Plasmodium falciparum, an obligate intracellular parasite and causative agent
of malaria, exhibits an atypical metabolic organization of proteins which are diverged
extensively from their homologues in other organisms. This divergence makes
homology-based on structural and functional annotation of the proteins difficult. With
an emphasis on determinant aspects such as domain duplication, divergence and domain
splitting, we provide a comprehensive basis to understand the significance of sequence
divergence observed in metabolic proteins of P. falciparum. Such a pronounced
sequence divergence in proteins renders the homology-based annotation transfer nontrivial.

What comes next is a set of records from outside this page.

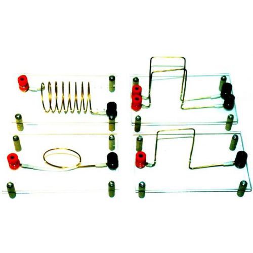 В состав набора входят прозрачные панели из органического стекла, сквозь которые пропущены проводники различной формы, выведенные на клеммы для подключения к источнику постоянного тока. Картины силовых линий магнитных полей образуются при посыпании панелей с проводниками, по которым протекает постоянный ток, мелкими железными опилками. Для демонстрации магнитных полей учащимся панели устанавливаются на кадровое окно графического проектора.
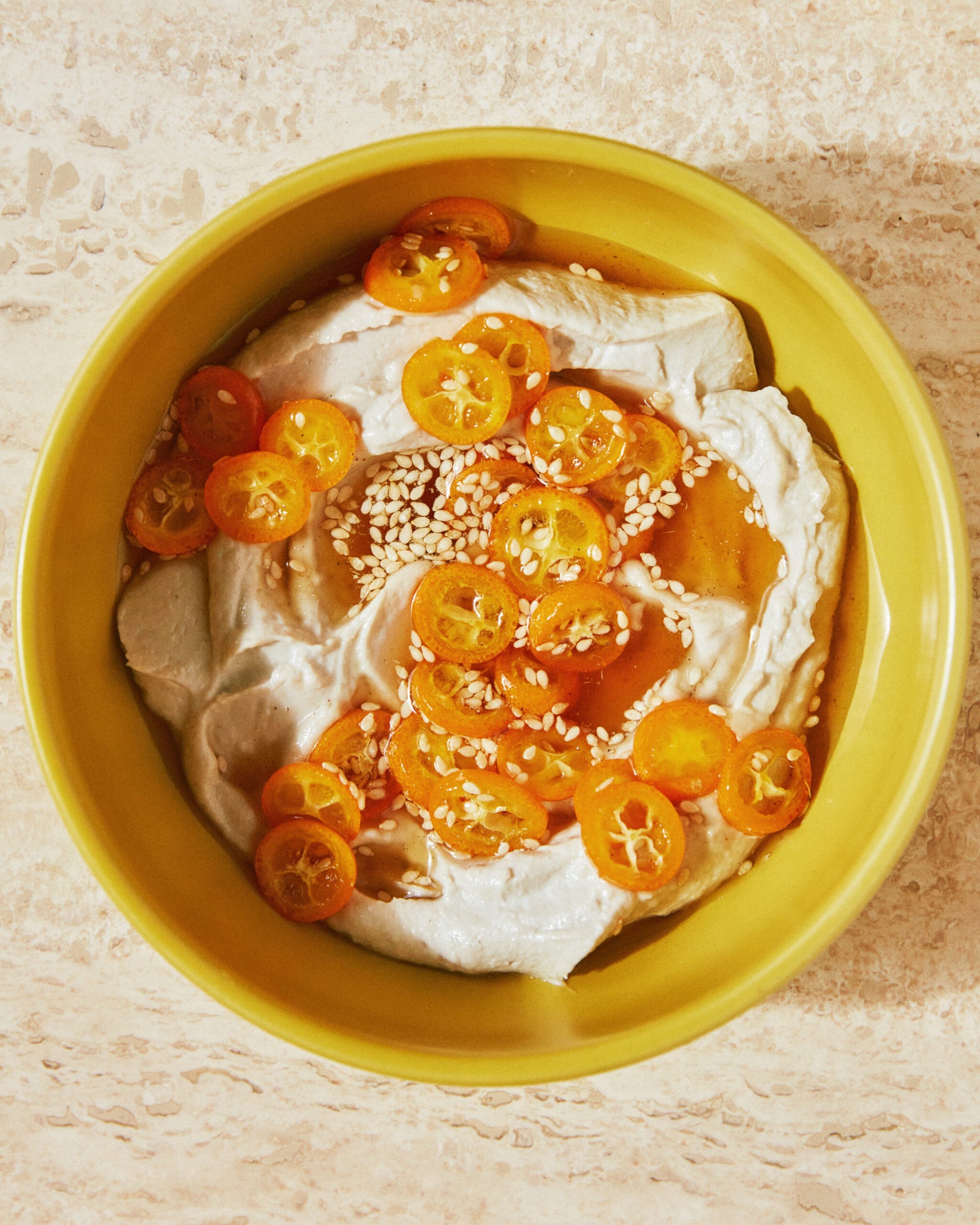 - Переложите тахиновый дип в миску для подачи, выложите сверху медовые кумкваты и подавайте.
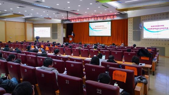 2019年12月16日下午,我校临床医学专业认证动员会在教学科研楼八层报告厅召开。会议旨在全面学习教育部临床医学专业认证相关文件精神,统一思想、积极动员部署学校临床医学专业认证自评的各项准备工作、进一步提升八年制临床医学专业教育教学质量。会议由院校党委书记吴沛新主持,王辰院校长、姚龙山副书记、李青副院校长、王云峰副书记、张勤副院校长、王健伟副院校长,基础学院、临床学院和人文学院负责人及相关部门、学系(教研室)负责人和教师、本科教学工作委员会和教学督导委员会成员、院校机关全体工作人员、学生代表等200多人参加了会议。

Additionally the unavailability of function annotation for about 40% of the
parasitic proteome poses a limitation to understand the physiological basis of metabolic
flexibility exhibited by the parasite to facilitate its multi-host survival. Thus, detection
and exploration of remotely related homologues with the help of highly sensitive
sequence search techniques become indispensable. Employment of a combination of
highly sensitive profile-based approaches has enabled enhanced structural and
functional characterization of metabolic proteins along with identification of proteins
potentially involved in metabolic pathways. An enriched function annotation of the
parasitic protein repertoire not only facilitates recognition of putative pathway proteins
but also paves way for prioritizing targets for chemotherapeutic interventions.
Keywords: Metabolic enzymes, metabolic pathways, Plasmodium falciparum,
protein evolution, remote homology detection.